The farmers continued to grow and improve the pimento pepper, ultimately developing their prized Perfection Pimento. The cultivation of the Reigel’s strain of pimento, combined with a roasting method they developed for removing the pepper’s tough skin, sowed the seeds for an industrial canning facility on the Reigel’s farm. The Spalding County cannery was hugely successful, and it paved the way for a bustling new farming enterprise that put a salve on the nearly mortal wound the boll weevil had dealt Georgia planters. Commercial pepper production also brought acclaim for the state – as the Pimento Pepper Capital of the World.

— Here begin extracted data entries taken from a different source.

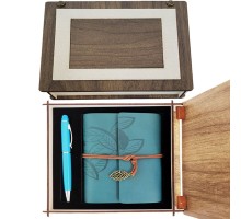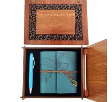 Özel Ahşap Kutulu Mavi Deri Defter ve Kalem Set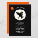 Creative Halloween themed birthday party invites featuring a cute witch with a balloon flying across the moon.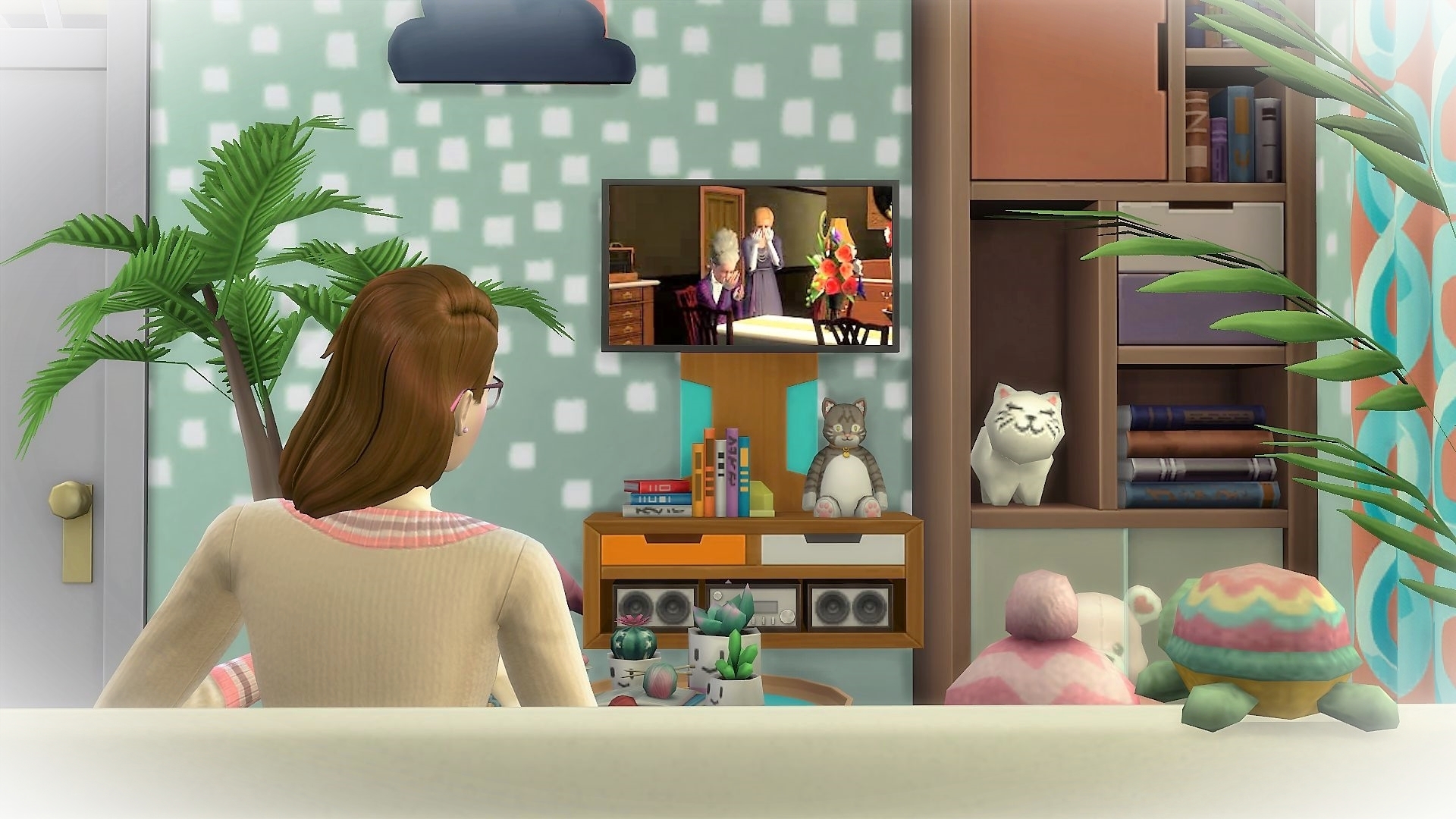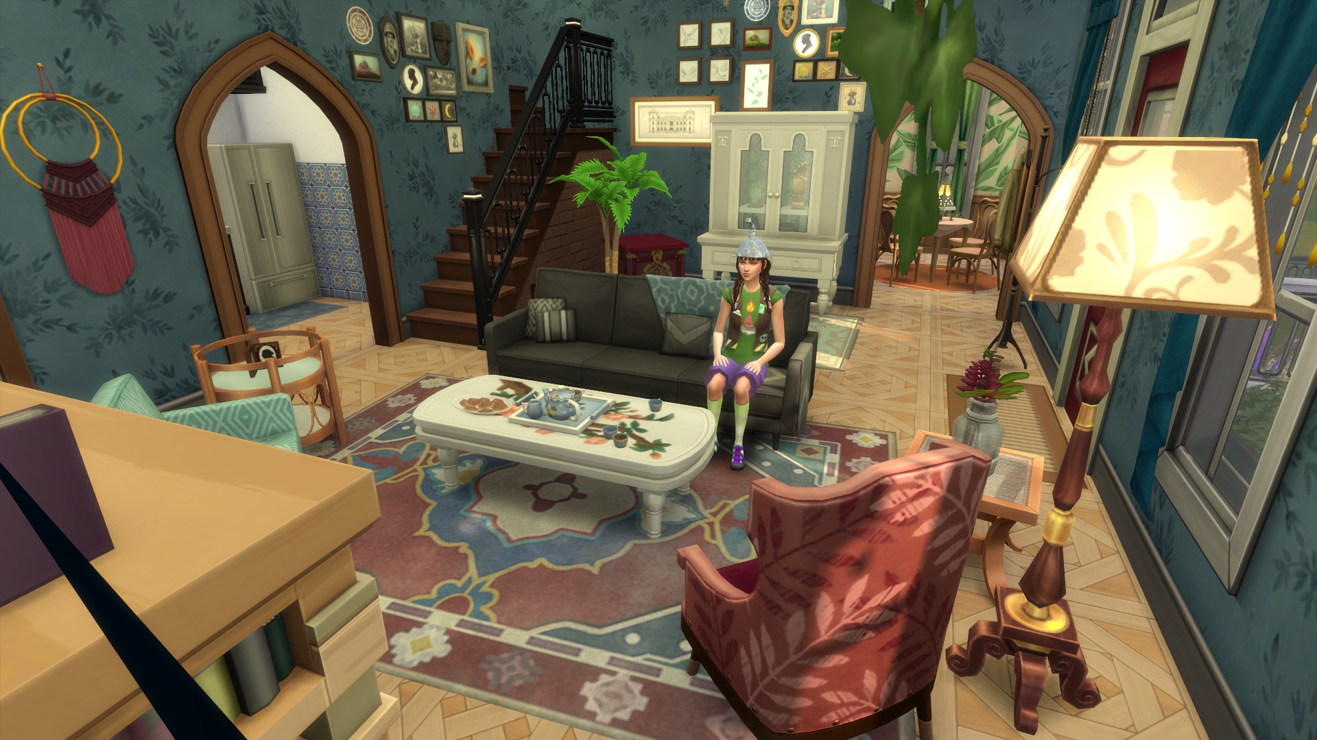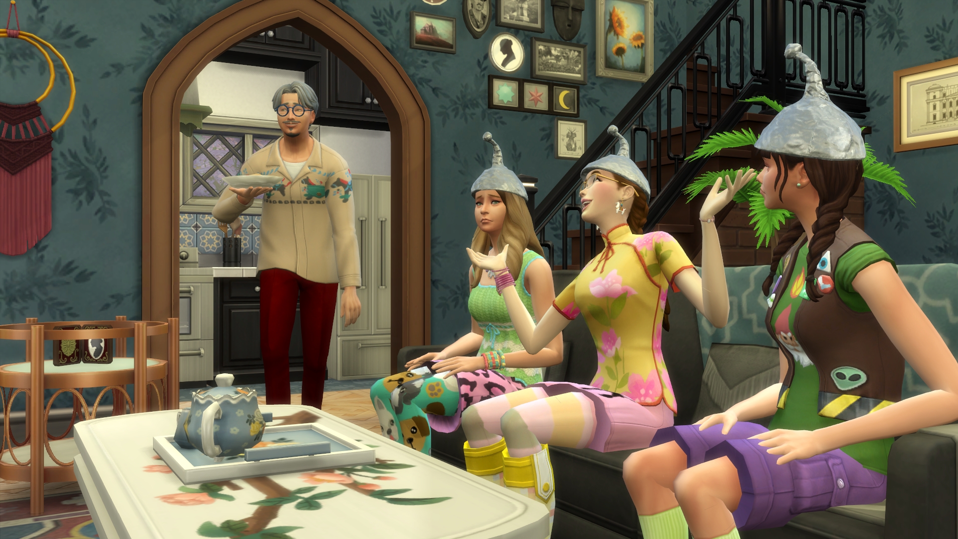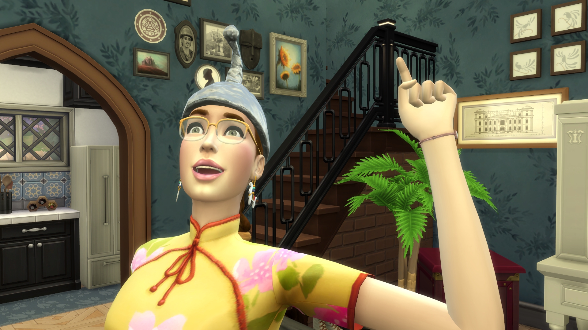 1. Maybe Yibbo is secretly very pleased about all these chances to encounter Grim, but trying to not seem too keen? Mostly I am guided in GliTS scenes by the moods of the sims and Yibbo gets tense whenever there are more than a few sims in a room, hence all her miserable faces. I am endlessly inspired as to what the heck has happened in the scene that makes Yibbo pouty but is simultaneously making Morag SMILEYHAPPYCRAZY. 😆 Paul sort of hinted that he was trapped in the forest forever but more on that later. Woo! Trespass! I think it might be breaking and entering but Jessica is a cop so that’s OK, right? I’ll go with yes.
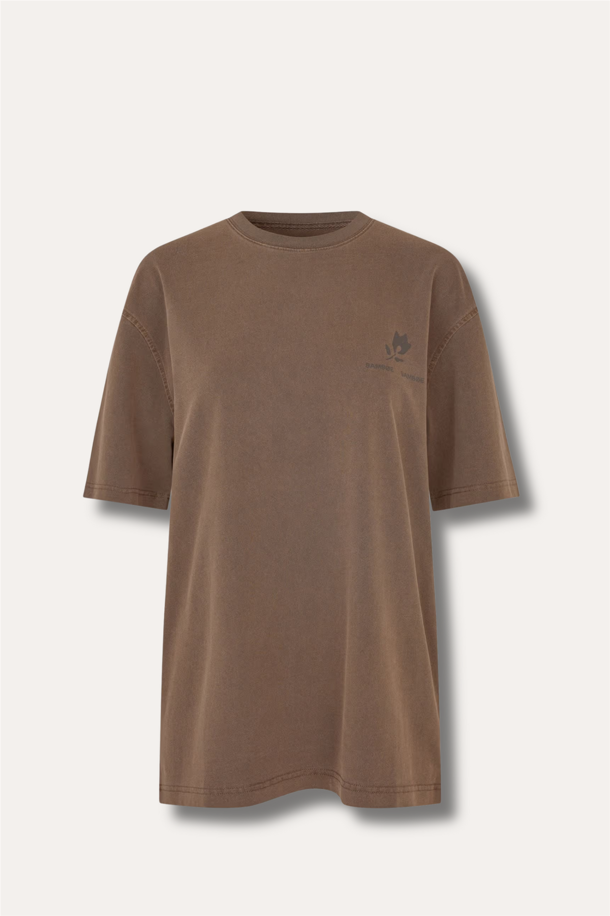 Samsøe Samsøe Sacohen T-shirt i fargen Brown Stamp er en moderne t-skjorte med avslappet silhuett og grafisk uttrykk. Den oversized passformen og droppede skuldrene gir et uanstrengt preg, mens den myke jersey-kvaliteten i økologisk bomull sørger for høy komfort.

The late Craig Claiborne, celebrated food writer and the undisputed auteur of Southern shrimp and grits, estimated that by 1929, 90% of the pimento peppers grown in the U.S. came from Georgia and supporting commercial facilities in nearby states. The ample supply of superior pimentos and bragging rights to the peppers’ provenance inspired Southern cooks to also “improve” the recipe for pimento cheese.
Cheddar cheese was available and affordable – plus it was more piquant than cream cheese. However, the cheese, spices of choice, and diced pimentos required a creamy binding agent to hold it all together and maintain sandwich-friendly spreadability. Ideally, it needed to be a hard-working ingredient that would enhance the taste rather than drown out the other flavors, while also managing to keep the perky shredded cheese and cherry-hued peppers intact. It’s a job mayonnaise was practically born for. The egg and oil in mayonnaise provided texture and binding, and the citrus added a tangy little twang that hit just the right note.
And just like a sinner who goes down to the river to wash away his sins, pimento cheese was reborn.
Pimento cheese quickly became – and remains – one of the most iconic dishes of our time, and like all things truly Southern, it was favored and feted by rich and poor alike. The working class tucked pimento cheese sandwiches into their lunch pails every day while the O’Haras and Wilkeses of the world just cut the crusts off those sammies and served them at fancy parties. Though the recipe has spawned multiple iterations, some of which still contain cream cheese, the common denominators of classic Southern pimento cheese are sharp Cheddar, pimento peppers and mayonnaise (preferably homemade or Duke’s). Today, no holiday party, Southern Living cookbook collection, or Master’s Tournament would be the same without it.
And just remember, gentle reader, were it not for a dutiful congressman from Macon willing to lend a helping hand to industrious Georgia farmers and the whimsical hand of fate, all would be for naught. The gustatory gloriana we all have come to know as real pimento cheese wouldn’t even exist. Pepper jelly would have no purpose. Sandwich bread everywhere would ache for the filling that dare not speak its name. That’s a true fact, my friends.
And I for one find myself in Macon’s debt yet once more for a thing I love, and cannot imagine life without.